Unsupervised feature selection using a neuro-fuzzy approach

doi:10.1016/S0167-8655(98)00083-X

Pattern Recognition Letters

Volume 19, Issue 11, September 1998, Pages 997-1006

https://doi.org/10.1016/S0167-8655(98)00083-X Get rights and content

Abstract

A neuro-fuzzy methodology is described which involves connectionist minimization of a fuzzy feature evaluation index with unsupervised training. The concept of a flexible membership function incorporating weighed distance is introduced in the evaluation index to make the modeling of clusters more appropriate. A set of optimal weighing coefficients in terms of networks parameters representing individual feature importance is obtained through connectionist minimization. Besides, the investigation includes the development of another algorithm for ranking of different feature subsets using the aforesaid fuzzy evaluation index without neural networks. Results demonstrating the effectiveness of the algorithms for various real life data are provided.

Introduction

Feature selection or extraction is a process of selecting a map of the form $x^{′} =f(x)$ by which a sample $x (x_{1},x_{2},…,x_{n})$ in an n-dimensional measurement space $(R^{n})$ is transformed into a point $x^{′} (x_{1}^{′},x_{2}^{′},…,x_{n^{′}}^{′})$ in an n^′-dimensional (n^′<n) feature space $(R^{n^{′}})$ . The problem of feature selection deals with choosing some of the x_is from the measurement space to constitute the feature space. On the other hand, the problem of feature extraction deals with generating new x_j^′s (constituting the feature space) based on some x_is in the measurement space. The main objective of these processes is to retain the optimum salient characteristics necessary for the recognition process and to reduce the dimensionality of the measurement space so that effective and easily computable algorithms can be devised for efficient categorization.

Fuzzy set theory enables one to deal with uncertainties in different tasks of a pattern recognition system, arising from deficiency (e.g., vagueness, incompleteness, etc.) in information, in an efficient manner. Artificial Neural Networks (ANNs), having the capability of fault tolerance, adaptivity and generalization, and scope for massive parallelism, are widely used in dealing with learning and optimization tasks.
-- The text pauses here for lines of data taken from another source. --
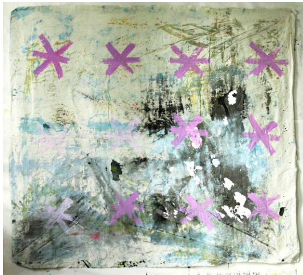
Série 14, Sans titre / 2012 / Gouache, acrylique et encre sur toile / 157 x 170 cm

Karin Aeschlimann présente des peintures en grand format, toiles sans cadre, accrochées à même le mur et une dizaine de petites aquarelles sur papier. Son travail est un jeu subtil entre construction et dissolution. Des traces de couleur qui sans arrêt échappent à la gravité. Les couches de peinture, se superposent, se mélangent, se coulent sur la toile et pénètrent dans le support. L'œil cherche en vain le centre de la composition. L'artiste contrôle le flux de ces empreintes sur la surface et nous entraîne dans un paradoxe où profondeur et mise à plat cohabitent.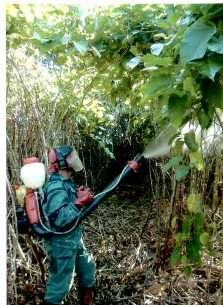
Obr. 2. Likvidace invazní křídlatky pomocí postřiků.

GIS byl zpočátku využíván výhradně k digitalizaci nálezů z terénního mapování, např. výskytu zvláště chráněných druhů rostlin a živočichů v určité oblasti. Dnes se však i botanické a zoologické průzkumy provádějí s pomocí zařízení GPS a následně se terénní data jednoduše převedou do prostředí GIS, kde s nimi lze dále pracovat. Obecně lze konstatovat, že kombinace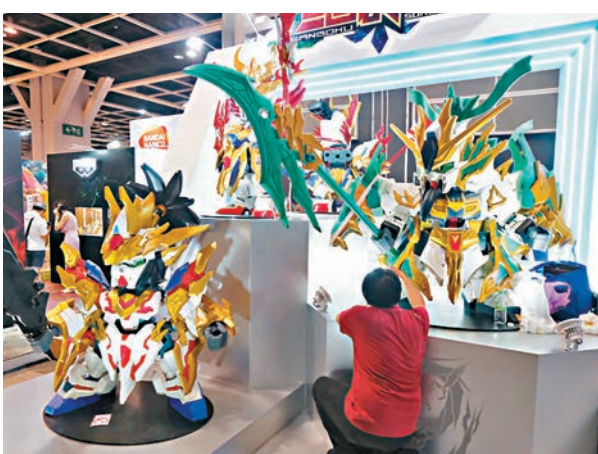
▲高達系列是每年動漫節常客。

場內亦設置體驗區，讓參觀者能試玩最新電玩遊戲，包括VR、手遊及競速無人機。今年為迎合大眾口味，大會特意增設懷舊格鬥遊戲區，並於區內設置近20部原裝街機，分別有《街頭霸王》及《拳皇》兩個遊戲，並邀請到前《街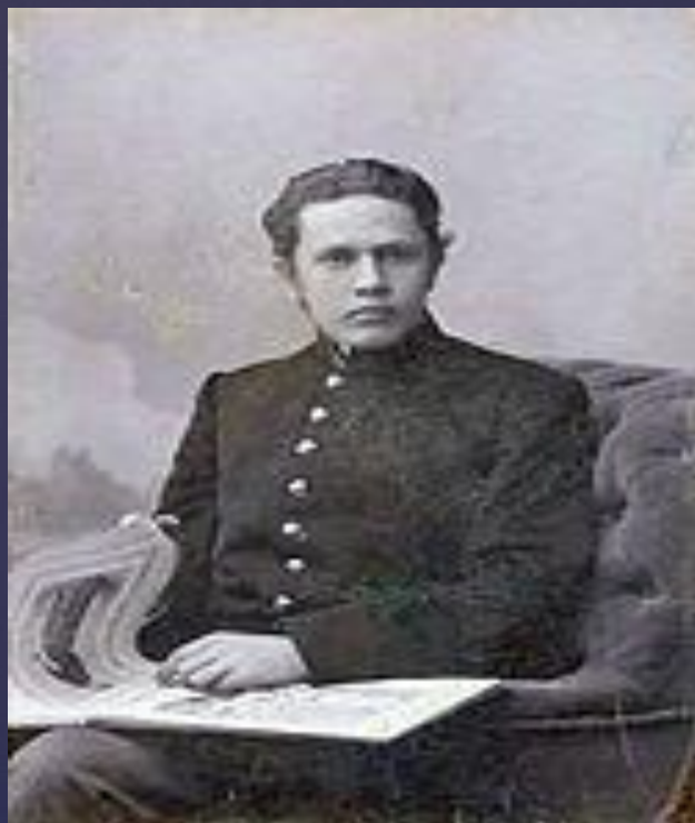
Алексей Николаевич Толстой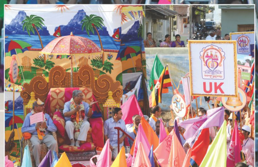
ઓરા આવો મારા લે 'રખડા લહેરી...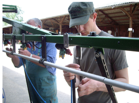
Abb. 03 - Befestigung der Halterungen der Droplegs.

(BMELV) finanziell unterstützten FitBee-Projektes wurde eine Applikationstechnik entwickelt, die diese negativen Risiken deutlich minimieren kann. Die sogenannten Droplegs UL (Fa. Lechler, Metzgingen), die unterhalb der Blütenebene des Rapses, also etwa 35 cm tief in den blühenden Bestand eintauchen, halten so den überwiegenden Teil der Blüten wirkstofffrei. ( siehe Abb. 02 u. Abb. 03 ). Seit 2011 wurde eine Vielzahl von Versuchen in den unterschiedlichsten Institutionen mit diesen Düsen durchgeführt und der Wissensumfang zu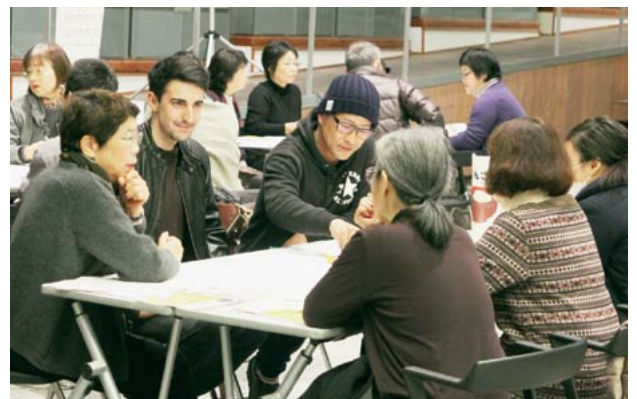
▲ワールドカフェでは「男女のどちらが優先されているか」をテーマにそれぞれの視点から意見交換を行いました。

「ありたんひろば de ワールドカフェ」が役場町民ロビーで開催され、小学5年生から一般まで約40人が参加しました。 「外国の人から見た有田町」というテーマで、町内在住や勤務の外国人3人が母国と日本の比較や感想を述べました。 参加した40代女性は「小学生の参加は新鮮で、新しい視点で学ぶことができた」と話されました。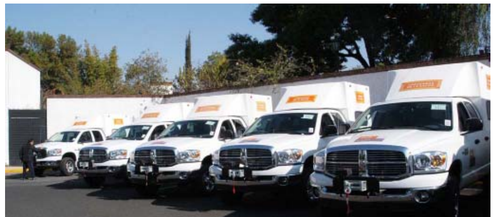
El gobernador Leonel Godoy Rangel entregó a la Secretaría de Salud de Michoacán (SSM) 34 vehículos, en cuya adquisición se invirtieron más de 10 millones de pesos, que se utilizarán para fortalecer las coordinaciones de Protección contra Riesgos Sanitarios y el programa de Caravanas de la Salud.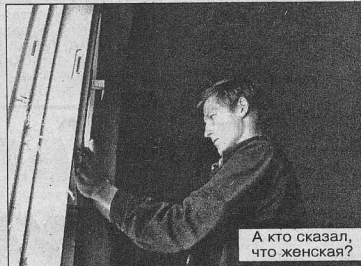
А кто сказал, что женская?

себя уверенней, и я думаю, что и мы сможем в скором времени встать на ноги, даже не смотря на то, что наш город испытывает большие трудности в специали-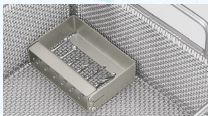
Fig. 1 Korrekt placering af instrumentenblokken i vaskemaskinen/desinfektoren

Fuzzy set theoretic approaches for feature selection are mainly based on measures of entropy and index of fuzziness (Pal and Chakraborty, 1986; Pal, 1992), fuzzy c-means and fuzzy ISODATA algorithms (Bezdek and Castelaz, 1977). Some of the recent attempts made for feature selection in the framework of ANN are mainly based on multilayer feedforward networks and self-organizing networks (Priddy et al., 1993; Steppe and Bauer, Jr., 1996; De et al., 1997; Pregenzer et al., 1996). Note that, depending on whether the class information of the samples is known or not, these methods are classified under supervised or unsupervised mode. For example, the algorithms described in (Pal and Chakraborty, 1986, Pal, 1992, Bezdek and Castelaz, 1977; Priddy et al., 1993; Steppe and Bauer, Jr., 1996; De et al., 1997) fall under the supervised category, whereas those in (Bezdek and Castelaz, 1977; Pregenzer et al., 1996) are in unsupervised mode.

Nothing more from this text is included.